Lawlessness drives the destruction of the Amazon, and it’s a human rights crisis first and foremost.
Indigenous peoples, small-scale farmers, and other local communities have been risking their lives to try hold on to their land and protect the environment and their livelihoods.
Against them are well-funded and well-organized criminal networks involved in illegal logging, land grabs, and mining. They send out armed men to threaten and attack those who speak up to defend the forest.
We just published a new multimedia report that details the impact of criminal groups in one location: Terra Nossa in the state of Pará. The problems there are repeated in many areas.
The settlement was established for small-scale agriculture and sustainable collection of forest products.
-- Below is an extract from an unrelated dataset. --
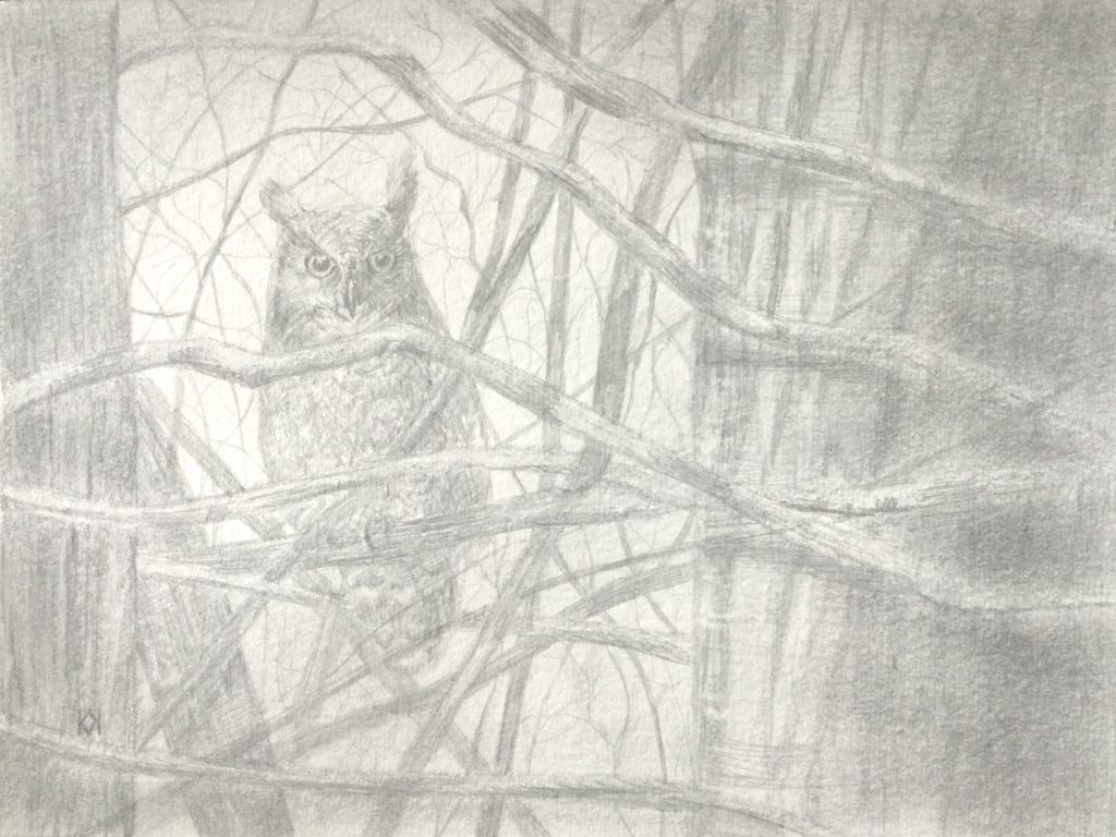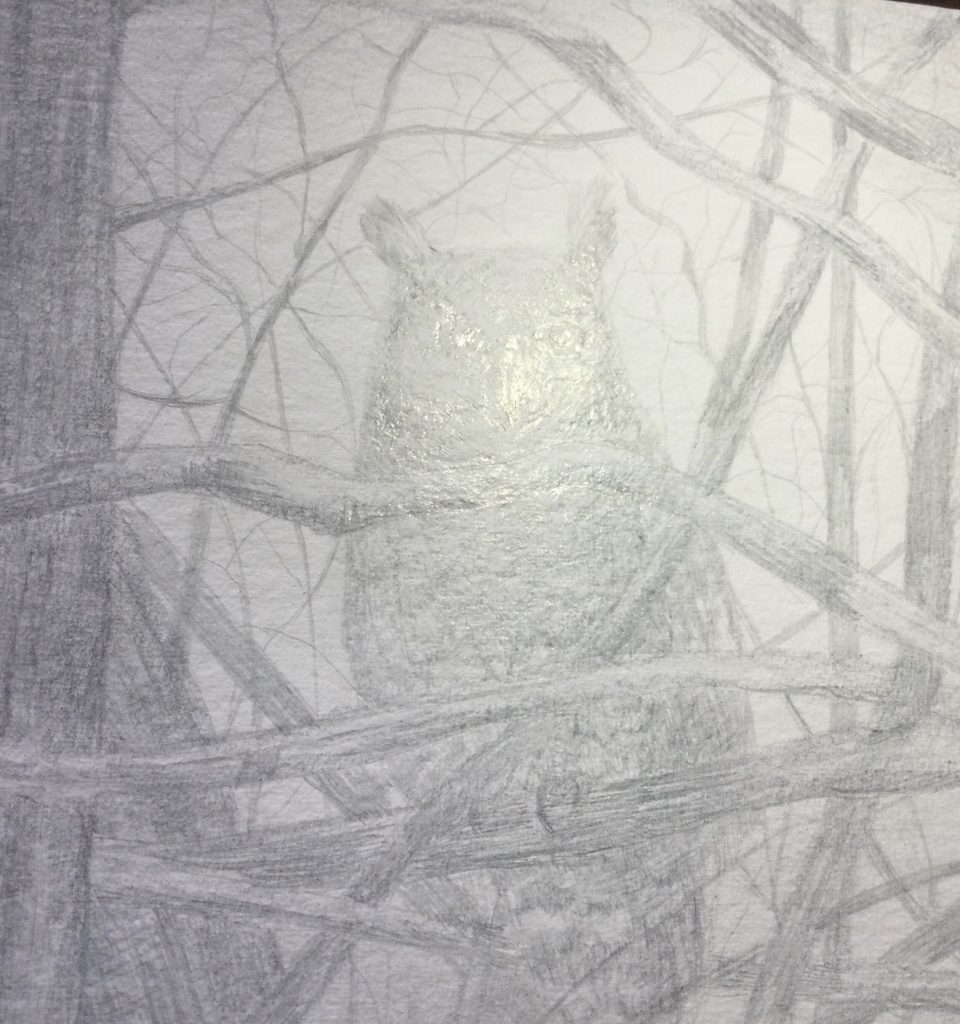 This owl settled into a tree and I took four quick, blurry pictures just to prove it happened. Metalpoint seemed to be a good medium for a mysterious, moody drawing.

But the criminal networks won’t leave people in peace.
They’ve started fires within the settlement that have ravaged vegetation, crops, and the forest reserve where residents collect Brazil nuts, which they depend on to survive.
According to Federal Prosecutor Gabriel Dalla Favera de Oliveira, the criminals’ objective was not just clearing the land for cattle ranching or soy plantations, but to intimidate residents, destroy their livelihoods, and force them to leave.
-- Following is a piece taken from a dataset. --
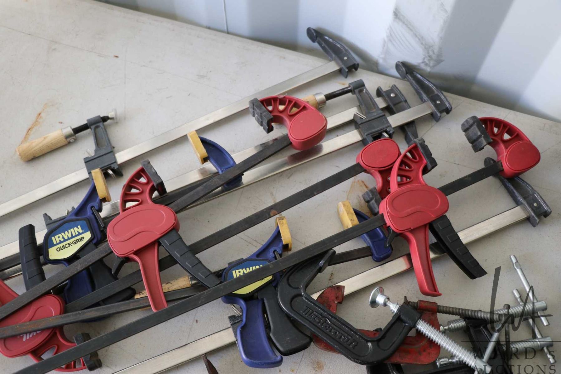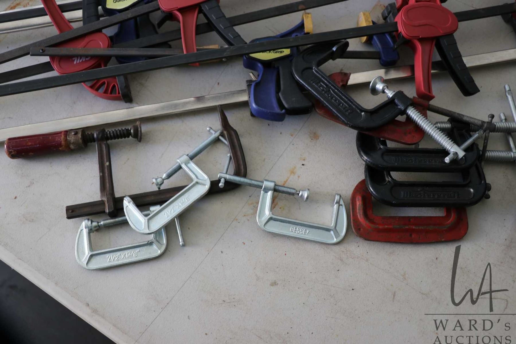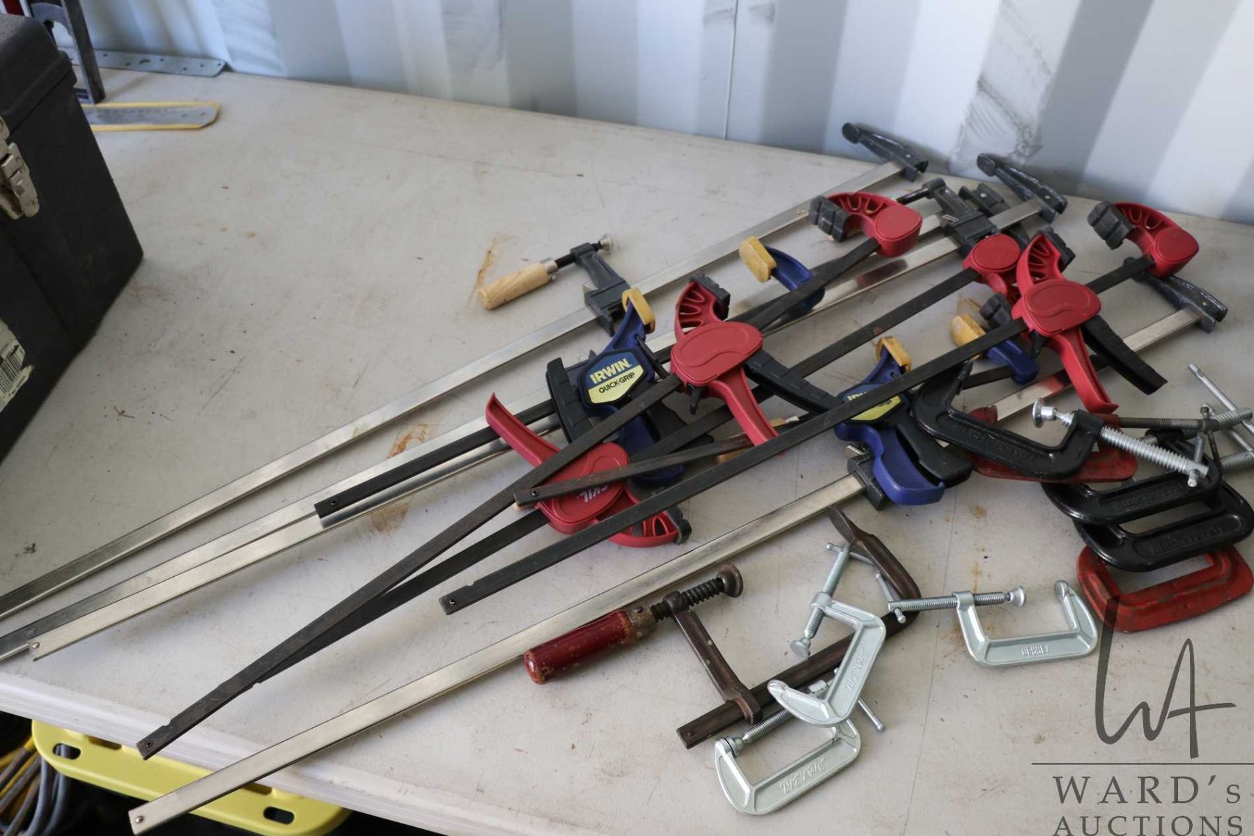 An assortment clamps including C-clamps, Irwin Quik Grip, Skill squeeze clamps etc.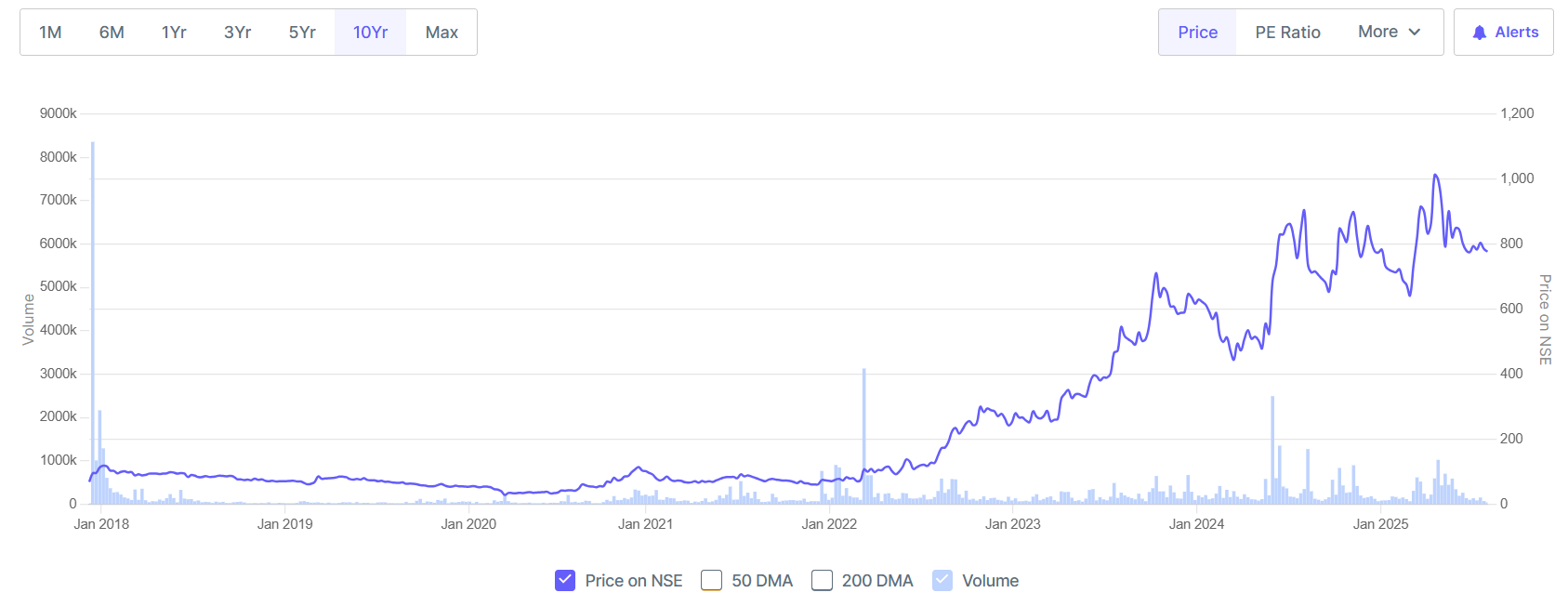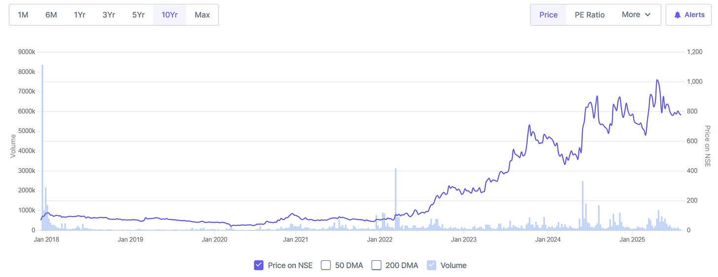 At the current price (~₹800), that translates to a forward P/E of ~32x to 38x—and that’s without assuming any upside surprise in margins or operating leverage kicking in harder.

Community members say that over the last five years, at least four people have been murdered for speaking up about environmental crimes committed in Terra Nossa or otherwise threatening the interests of criminal groups. A fifth man has been missing since 2018 and presumed dead.
Terra Nossa is a microcosm for the Amazon as a whole: lawlessness and human rights abuses are central to environmental degradation.
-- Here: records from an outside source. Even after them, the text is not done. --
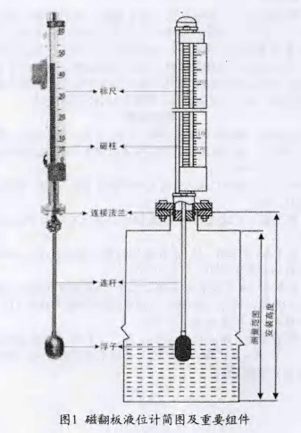 側裝磁翻板液位計是根據國內外同類產品加以消化提高且按照原化工部頒布的磁浮子液位計標準HG/T21584-95研制生產的產品。按照其安裝位置,側裝磁翻板液位計可以分為頂裝型和側裝型兩類。目前,托甫臺區塊密閉流程采用的是無護管頂裝型液位計(U11Z221/D-2400),23口單井密閉流程中共一計使用87個。側裝磁翻板液位計主要利用阿基米德浮力原理和磁耦合原理設計而成,它的主要組成部分包括磁浮子、連桿、磁性頭、磁柱以及面板標尺等(圖1),磁柱正反兩面分別為紅色和白色,主要用于指示液面位置。液位計正常工作時,磁浮子一半體積浸沒在液體中,呈漂浮狀態,并且隨著液面的升降而同時升降。當液面上升時,磁浮子帶動連桿上的磁性頭向上運動,磁性頭與面板內的磁柱發生物理反應,產生扭矩,促使磁柱發生180°的翻轉,即由白色轉變為紅色;當液面下降時,根據相同的原理,磁柱由紅色翻轉為白色。因此,顯示面板上磁柱紅色和白色的分界線就指示了容器內待測液體的液面位置。
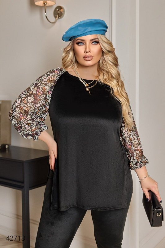 Тканина: велюр-спорт (на бавовняній основі), рукава - шифон.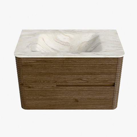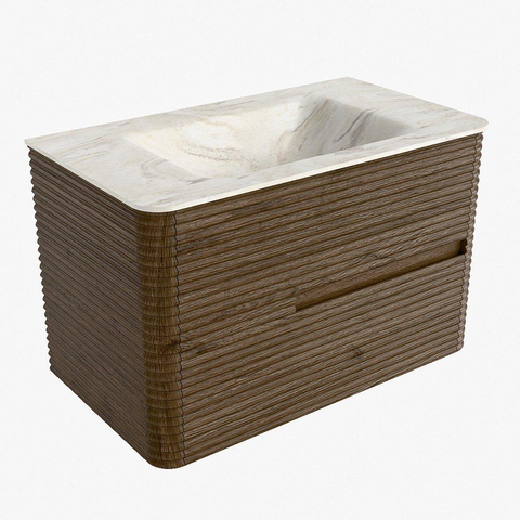 Mondiaz CIRO-DLUX Badkamermeubelset - 80x45x50cm - Solid surface wastafel Ostra - 1 wasbak Midden - zonder kraangaten - 2 lades - Dusk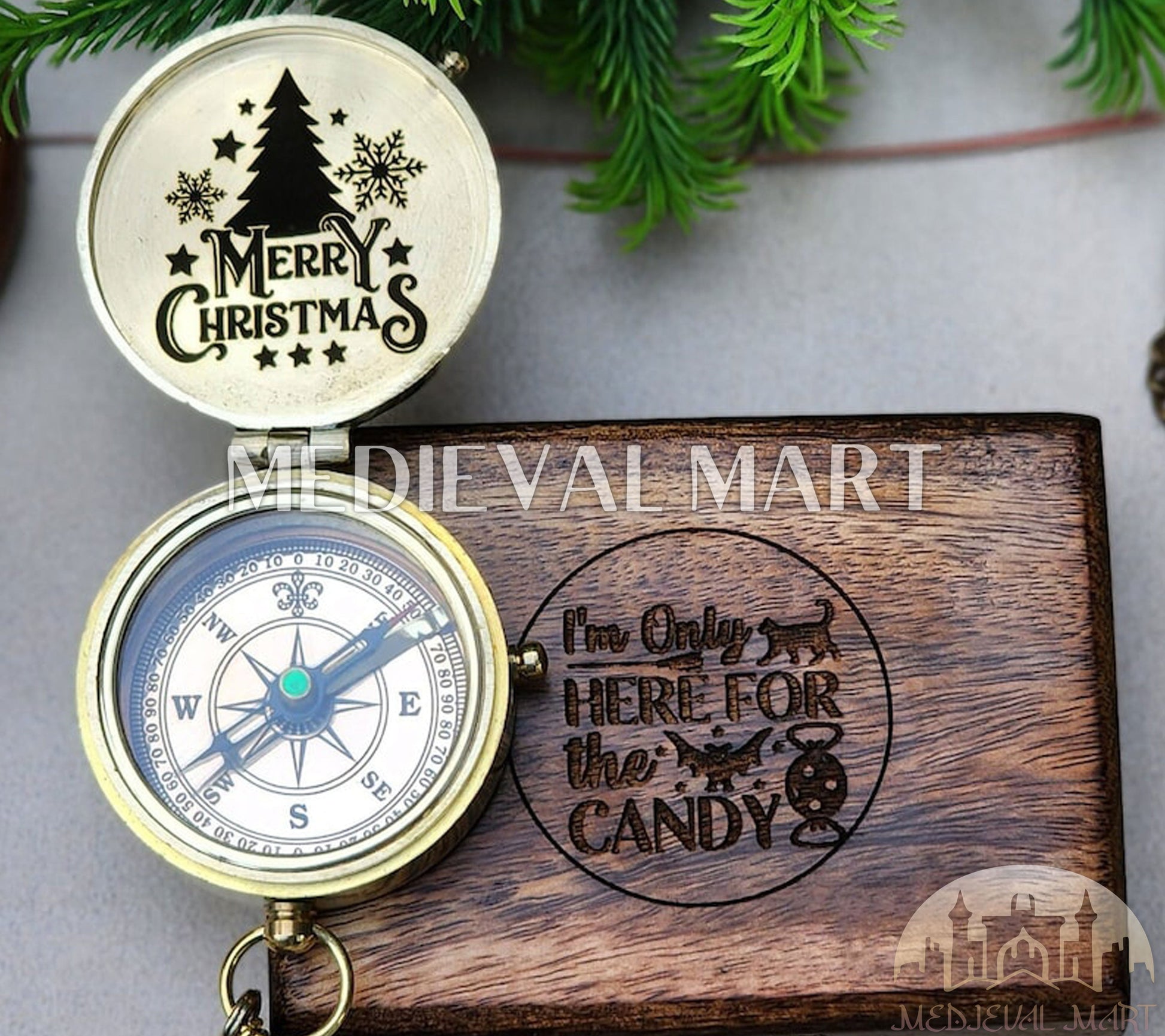 Light the way this holiday season with this magnificent nautical brass compass, crafted to evoke the guiding stars of medieval mariners. Forged from pure brass with a choice of luminous gold or warm bronze finish, this 50mm fully functional compass is adorned with intricate engravings, radiating the spirit of exploration and hope. Personalized with custom engravings, it becomes a festive keepsake, symbolizing guidance, love, and the joy of togetherness. Nestled in a handcrafted Gen-2 wooden case (2.5 x 2.5 x 1 inch), with its polished grain and refined warmth, this treasure shines with seasonal charm. Perfect for Christmas, it’s a heartwarming gift to share with loved ones, celebrating the journey of family under the winter’s guiding light.
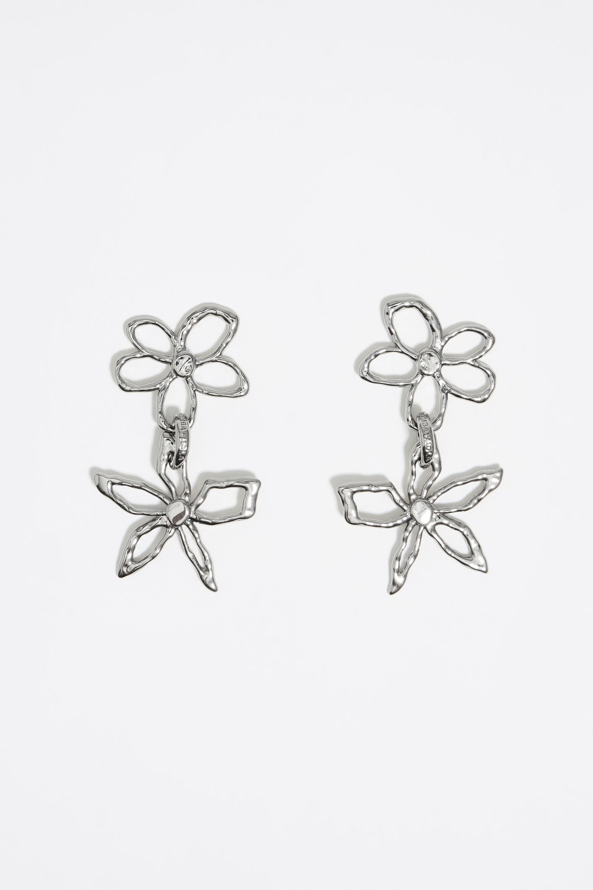 Textured silver-tone earrings in the shape of flowers.

After years of mounting devastation, Brazil’s new president, Luiz Inácio Lula da Silva, has pledged a fundamental shift in Brazil’s policies. His administration now needs to act.
He should mobilize the government at all levels and coordinate with prosecutors to fight the criminal networks responsible for environmental destruction and deadly violence.
In short: he needs to bring back rule of law to the Amazon.